Also well-known is the story of the next family to occupy the house at 112 Ocean Avenue, where the murders took place, all thanks to the 1977 true-crime/horror book called The Amityville Horror. In it, a reporter named Jay Anson detailed the brief stay in the house by George and Kathy Lutz, and their strange, supernatural experiences there. George supposedly began experiencing similar violent urges that DeFeo claimed to have. The family heard eerie noises, and started to find weird ectoplasmic slime on the walls. They found hoof prints in the snow outside their home. Doors flew off their hinges on their own. The family priest was called in to bless the home, but he fled after sensing a weird presence in the home, and developing wounds on his hands (!).

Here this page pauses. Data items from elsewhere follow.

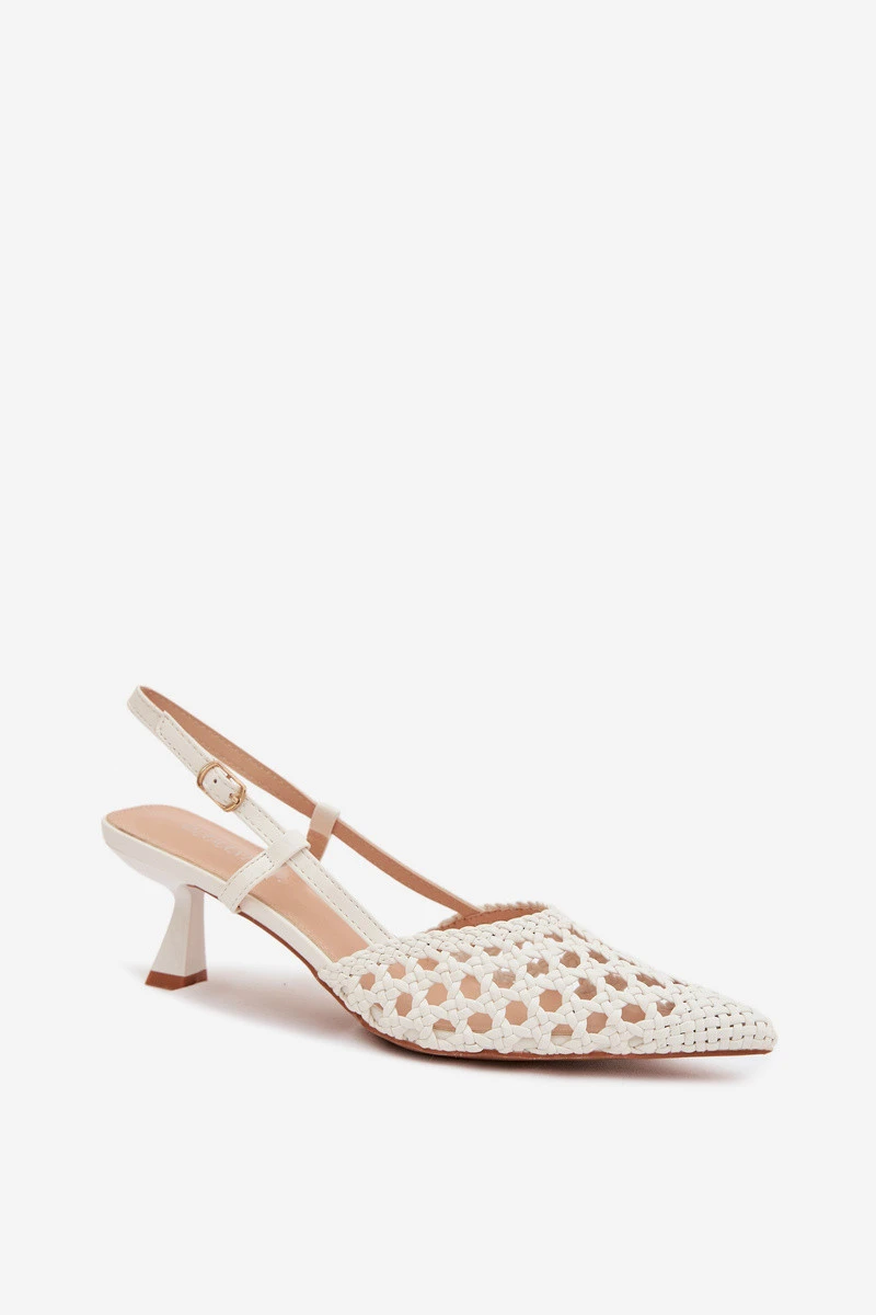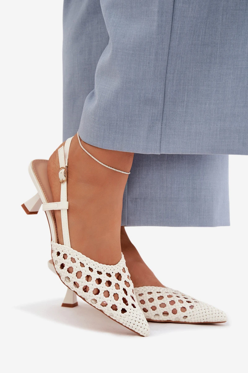 Dámské sandály vyrobené z dekorativního pletení jsou stylovým tipem na teplejší dny. Uzavřené, špičaté nosy zdůrazňují jemnou linii nohy a dodávají obuvi elegantní charakter. Model na tenkém podpatku jemně zeštíhluje siluetu, zajišťujíc ženský vzhled. Zapínání na přezku umožňuje přizpůsobení noze, zvyšuje pohodlí a stabilitu při chůzi. Tyto elegantní sandály skvěle doplní letní outfity – jak na každodenní nošení, tak na výjimečné příležitosti. Při výběru velikosti se řiďte tabulkou velikostí.
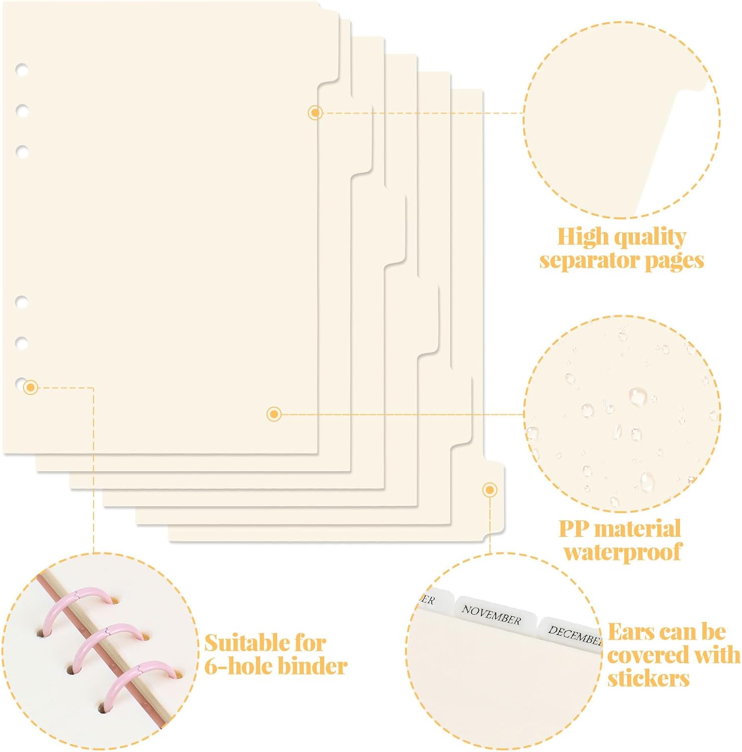- Package: 6 sheets of beige a5 6-ring dividers.
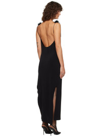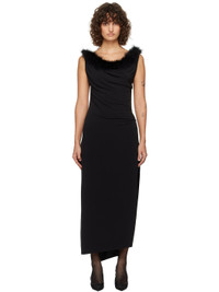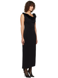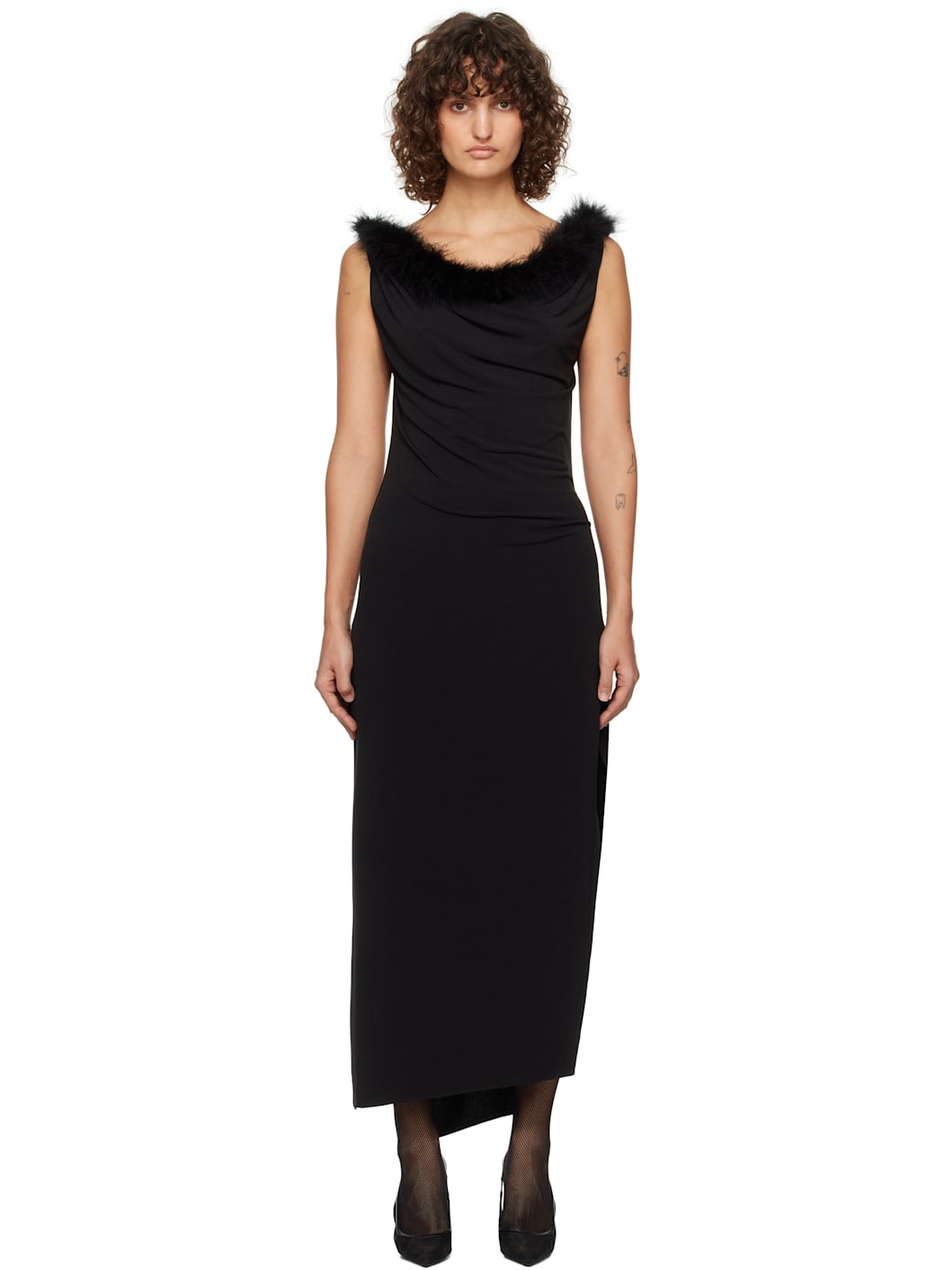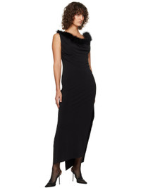 Stretch polyester jersey midi dress. · Turkey feather trim at cowl neck · Slit at side seams · Spaghetti straps Supplier color: Black Trim: 100% turkey feather. Body: 95% polyester, 5% elastane. Made in Italy 242325F054012
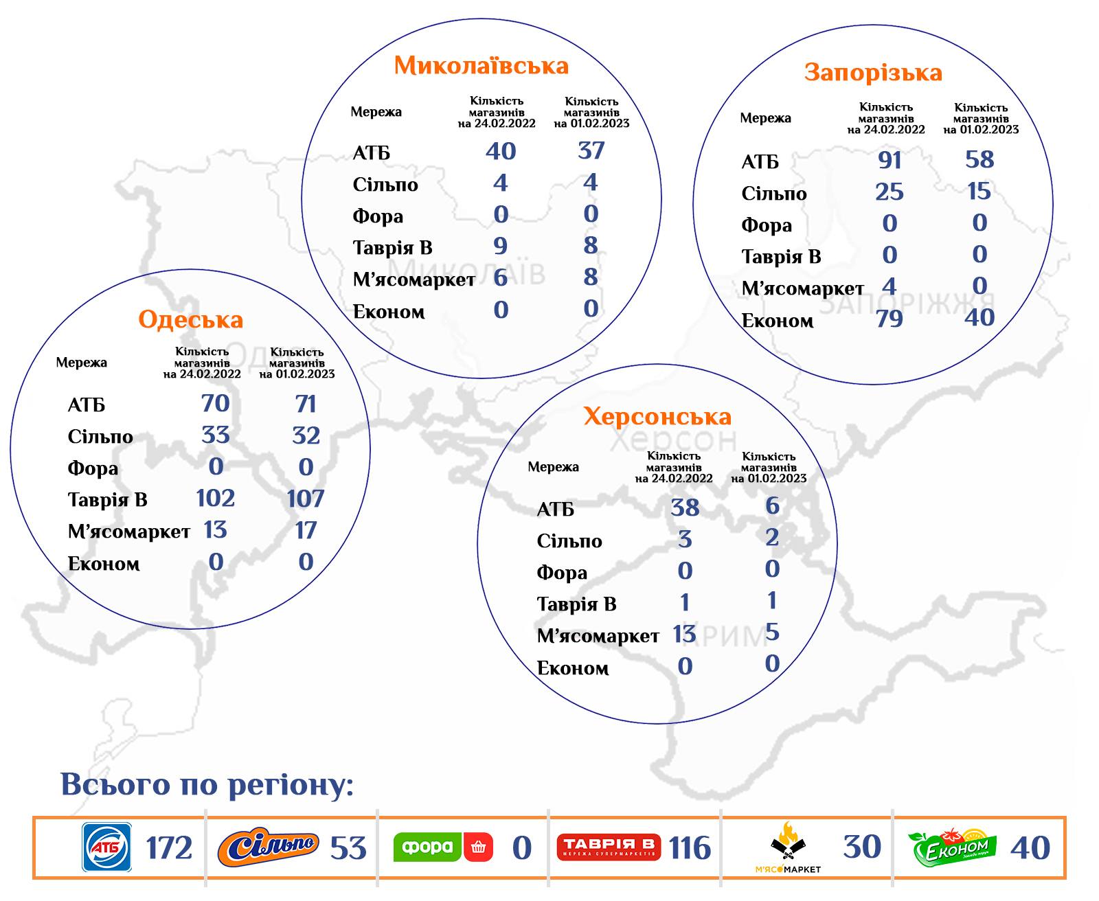 Серед південних областей найбільше постраждав рітейл у Херсонській та Запорізькій областях. Так, у цих двох регіонах АТБ втратив 65 магазинів, а Сільпо – 11 супермаркетів, М’ясомаркет -12.
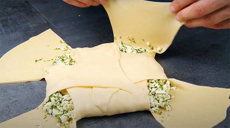 Разделите тесто на две части и раскатайте каждую в тонкую лепешку. Выложите на середину подготовленную начинку и аккуратно защипните края, формируя плацинд по вашему вкусу.
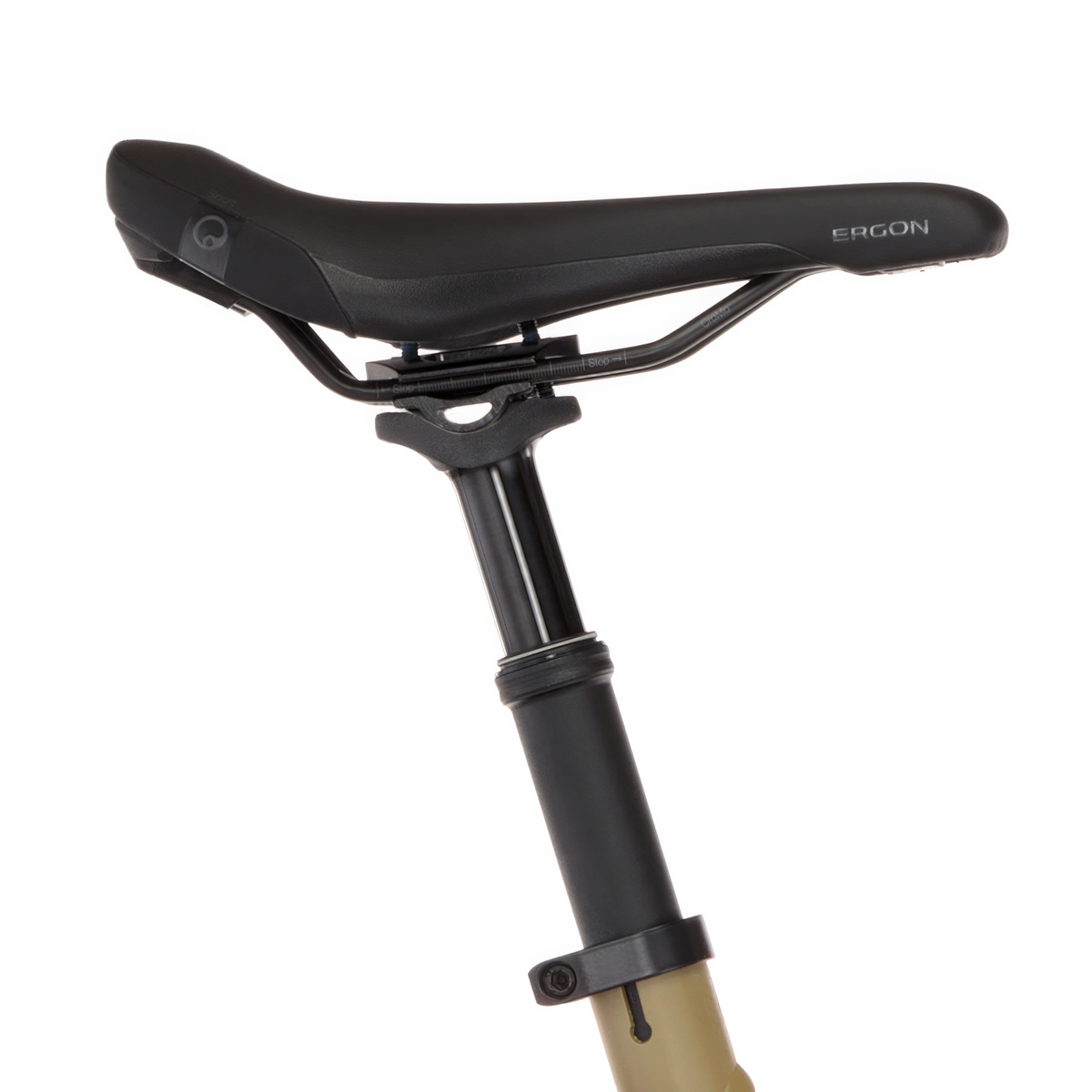 Durchdachtes Design – Die absenkbare Sattelstütze und das schlichte Olive-matte Design vereinen Funktionalität mit modernem Look.
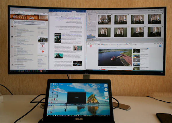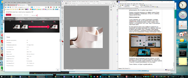 На таком дисплее можно очень комфортно разместить по горизонтали три-четыре приложения, что, например, лично мне по работе часто бывает нужно. (Например, когда пишешь статью и работаешь с различными источниками информации, также при этом одновременно готовишь иллюстрации к статье.)
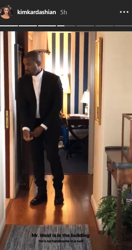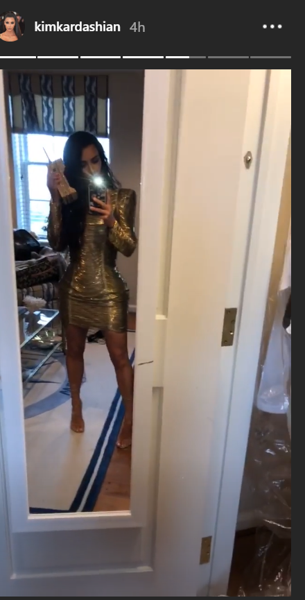 Kim liet ook zien hoe zij en Kanye zich klaarmaakten voor de bruiloft. Zij ging gekleed in een gouden minijurk en een handtas in de vorm van een mega old skool telefoon en Ye ging voor een clean look in een zwart kostuum met wit overhemd.
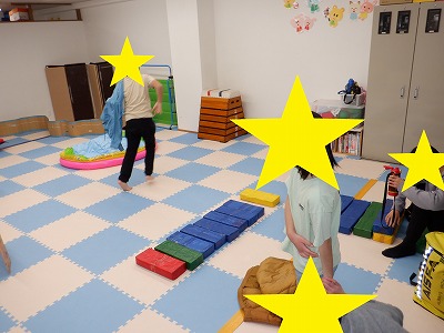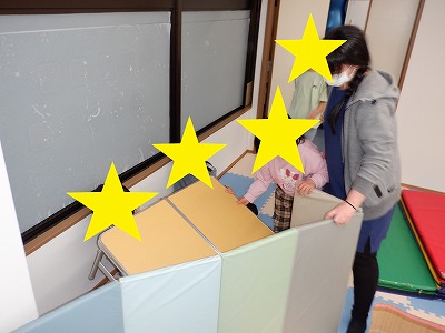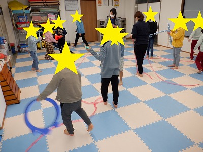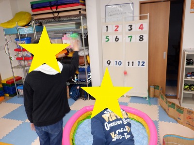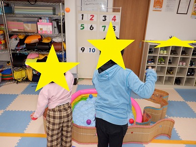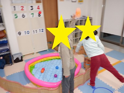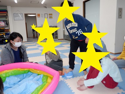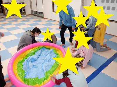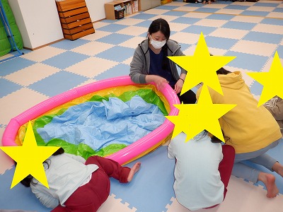 運動遊びの準備でプールを膨らませていると、みんながお手伝いをしてくれました。
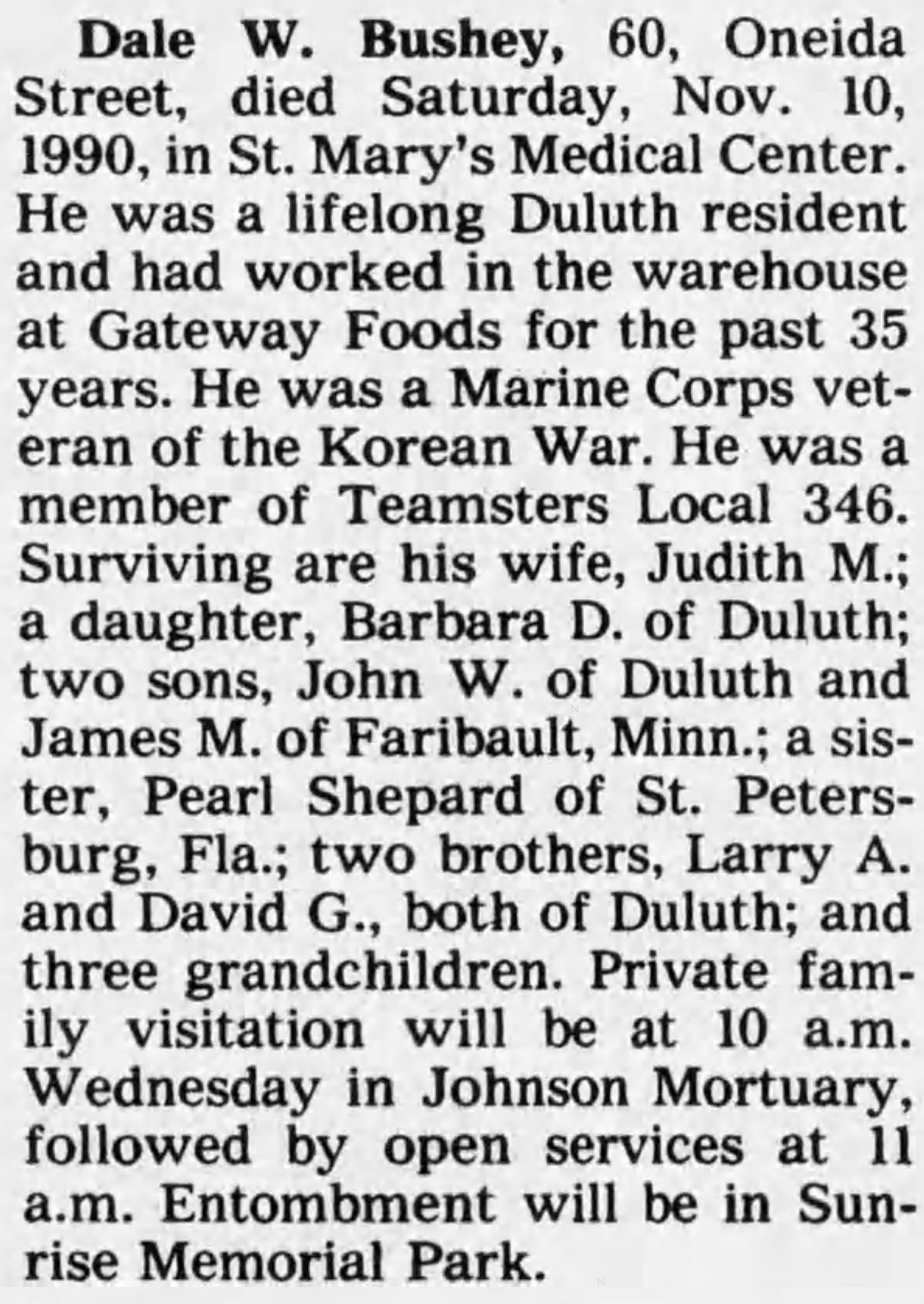 Judith married Dale Warren Bushey on September 11, 1954 in St. Louis County, MN.
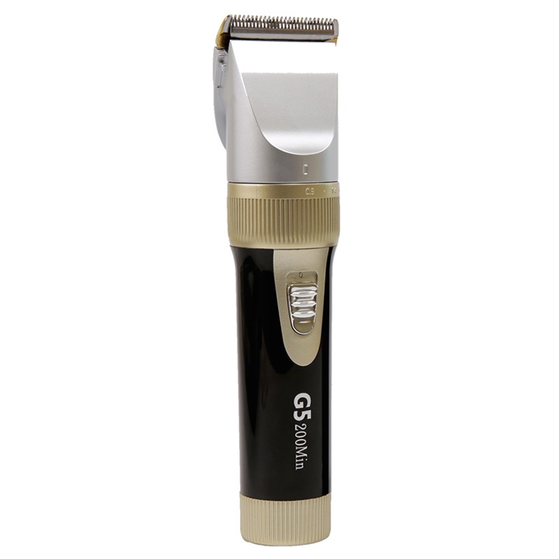 Tông đơ cắt tóc chuyên nghiệp G5 200Min là dòng tông đơ cắt tóc chuyên nghiệp tốt nhất hiện nay được thiết kế và sản xuất với chất liệu cao cấp nhất được kiểm tra kĩ lưỡng trước khi đến tay khách hàng Thông số kỹ thuật: Tông đơ cắt tóc G5 chạy 200 phút liên tục – Bộ sản phẩm bao gồm: 1 máy + 1 bộ sạc + 1 chổi vệ sinh + 1 lọ dầu + 4 cỡ (3,6,9,12 mm) + 2 pin + 1 hộp đựng – Điều chỉnh độ bám tóc từ 0.8 đến 2 mm – Công suất: 15W – Điện áp: 100- 240V – Tần số : 50/60 Hz – Thời gian sạc: 4-5 giờ – Kích thước máy: 17 x 4.5 x 4 cm Tông đơ cắt tóc G5 sau 5 giờ sạc thời gian sử dụng lên đến 200 phút Trước khi dùng bạn hãy nhỏ 1 giọt dầu bôi trơn vào đầu lưỡi dao nhé điều này sẽ giúp máy cắt được ngọt hơn và bảo vệ lưỡi dao rất tốt sau khi sử dụng hãy dùng chổi nhỏ vệ sinh tóc còn ở đầu lưỡi cắt nhé sản phẩm này sẽ khiến bạn hài lòng ngay từ lần sử dụng đầu tiên.

Not as well-known was the revelation that the haunting was, sadly, a hoax. DeFeo’s attorney, William Weber, admitted that the Lutzes used the murders as fodder for a publicity stunt, and that DeFeo agreed to help them. Despite this, haunted house aficionados still seek out 112 Ocean Avenue as a haunting tourism site. After all, murders were still committed there, and the Lutzes did flee after only a few days’ stay. Also, the house looks spooky. I wrote all about this hoax a few years ago for a now-on-hiatus-website called 90ways. Do you believe in spooks?
Even less well known than the details of the hoax, however, are thedetails of the bonkers and astonishingly long-running series of films based on the original book. Many may recall the 1979 feature film The Amityville Horror, and some attentive horror fans may recall the 2005 remake, but did you know that there were actually eleven (11) feature films about the Amityville haunting? Seriously, dude. 11. Between 1979 and 1996, these things were churned out pretty regularly, as feature films, as TV specials, as straight-to-video curiosities, and as 3-D experiments. In 2005, there was that remake. In 2011, there was another sequel employing the fond-footage style that seems to be so popular this year. If the Amityville haunting was a hoax, I’d say it’s still a pretty successful one. The Amityville series of films has been, unlike some of its more high-profile slasher counterparts, been quietly subsisting for decades, largely unnoticed by the horror community at large. The Amityville series is the Walker, Texas Ranger of horror movies. You don’t know anyone who regularly watches it, but somehow it lasts for years and years.
I, you’re humble suffering film critic, have decided to devote the next two weeks of The Series Project here on CraveOnline to the Amityville movies in all their awesome (?) glory. Since there are so many of the damn things, I have to approach this series in the same way I did for The Series Project: James Bond. That is, kind of as a diary as I go. I have only, as of this writing, seen the first five of the films, and, next week, I will delve into the remaining six (including the 2005 remake). I’d spend more time on these things, but, well… you’ll find they’re pretty uniformly awful, and I don’t want to bog you down for three weeks in the minutiae of a series that is largely without continuity or quality.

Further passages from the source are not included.